¿Desamparados?
especiales
Como respuesta, a veces es la ira, a veces el dejar hacer, pero al gato no acaba de ponérsele su cascabel.
El amable chofer que hoy me dio botella venía contando de su disgusto y, al mismo tiempo, desolación, por lo que le acababa de ocurrir en la farmacia.
Había ido en busca de un medicamento «porque estaba rabiando del dolor en la pierna», y la persona que le atendió tras el mostrador le dijo que no, que no había, pero que la otra dependienta sí podía resolverle.
El hombre se vio precisado a comprar «por la izquierda» la dichosa medicina, pero me comentaba cuánta furia sintió al hacerlo. Dice que él sabía que estaba muy mal, que no debía haberlo hecho, porque era indignante hacerse cómplice de un proceder tan malsano.
«¿Cómo tú vas a negociar con la salud de la gente, chica?», apuntaba mientras las orejas se le ponían rojas, no sé si de rabia o de vergüenza por haber sido cómplice de tal mezquindad.
Mientras frenaba en seco ante una luz roja, que casi no advirtió por lo imbuido que andaba en tales vapores, el chofer se preguntaba y respondía él mismo: «¿Es que en esa farmacia no hay un administrador que se dé cuenta de que están robando al descaro las medicinas?, ¿o es que el propio administrador anda también en la jugada?
«En cualquiera de los dos casos, ¿para qué iba a quejarme o a denunciar el asunto, la corrupción?, si, en definitiva, al administrador no le importaba o le importaba demasiado porque su bolsillo se estaba beneficiando. Lo único que iba a conseguir yo era pasar un disgusto y quedarme sin el medicamento. De todas formas, al rato, otra persona iba a llegar y lo iba a comprar.
«Y todo está igual —me decía, mientras chirriaba gomas furibundo, quizás a modo de desahogar tensiones, pero a riesgo de acabar con nuestras vidas—. Mire, el otro día fui a comprar carne de puerco, y cuando llegué a mi casa y la pesé en una pesa que yo tengo, le faltaban dos libras.
«Viré, se lo dije al tipo, y con tremenda cara de inocente me contestó que no se había dado cuenta. Así de sencillo. Pero nunca se equivocan dándote de más en el peso o en el vuelto; eso sí que no».
Refirió que tampoco en esa oportunidad se quejó, «porque era buscarse un lío, y ya uno tiene bastante con sus problemas para comprarse otro más».
Que levante la mano el cubano de a pie que no ha chocado con una situación similar a las descritas. O con otra aún peor.
Es cierto que se ve a los inspectores por la calle, se hacen auditorías y son insistentes las apelaciones a aumentar controles y enfrentar la corrupción. A ello llaman en reuniones de trabajo, por los medios de comunicación o por otras vías, más o menos persuasivas.

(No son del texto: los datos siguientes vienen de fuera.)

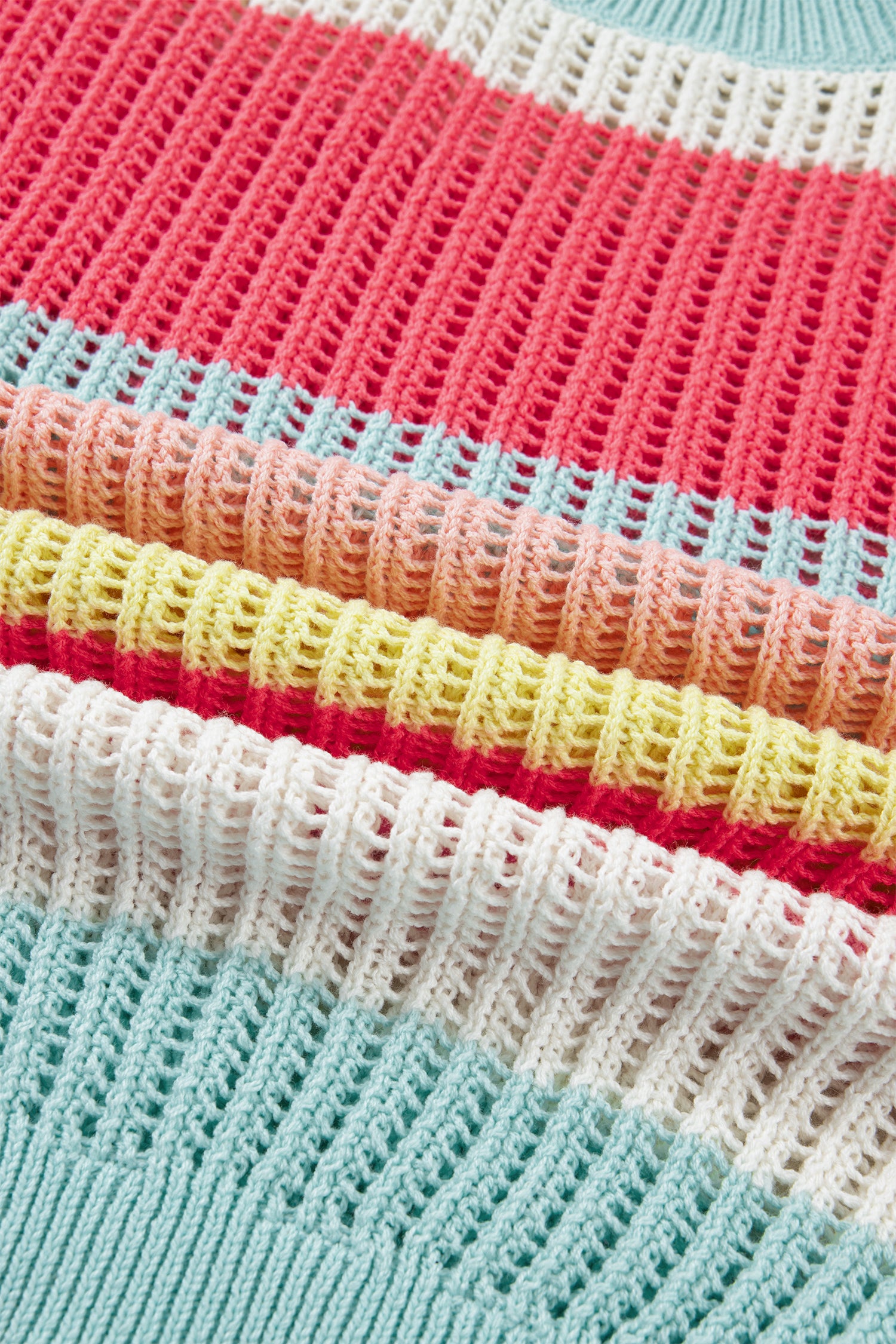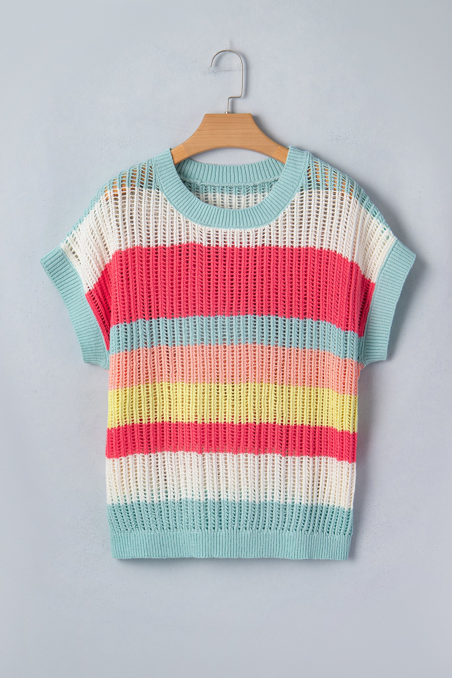Green Stripe Color Block Hollow Out Knit Short Sleeve Sweater

Se habla de atención al cliente, de buzón de quejas, pero, en la práctica, la desprotección continúa, acompañada a veces por conductas muy deshumanizadas, como la narrada por el chofer que da inicio a este texto.
Pero ¿están todos los directivos, en todas las instancias, empeñados realmente en hacer bien las cosas?, ¿los incentivos que para eso tienen están en verdad funcionando?, ¿los trabajadores —juez y parte, porque en una oportunidad ofrecen y en otra reciben servicios— se encuentran a ciencia cierta persuadidos de la urgencia de arreglar estos entuertos?, ¿son eficaces los ejemplos que reciben, los argumentos a su disposición?
¿A dónde fue a parar aquella máxima de «pobre, pero honrado», repetida con orgullo por abuelos y bisabuelos? ¿Cuáles vientos la han desdibujado y por qué?
Son preguntas que no pueden responderse a vuelapluma. Corresponde a sociólogos, economistas, parlamentarios… llegar al meollo de la cuestión de la mano de las ciencias sociales.
¿No somos acaso un país de hombres de ciencia? Pues que sean estas las que sirvan de brújula para desentrañar tan importantes cuestiones, hacer públicas las razones encontradas, y ayudar, debate ciudadano mediante, a diseñar y poner en marcha estrategias que favorezcan a todos y eviten al chofer protagonista de esta historia un accidente o un infarto por tanto estrés.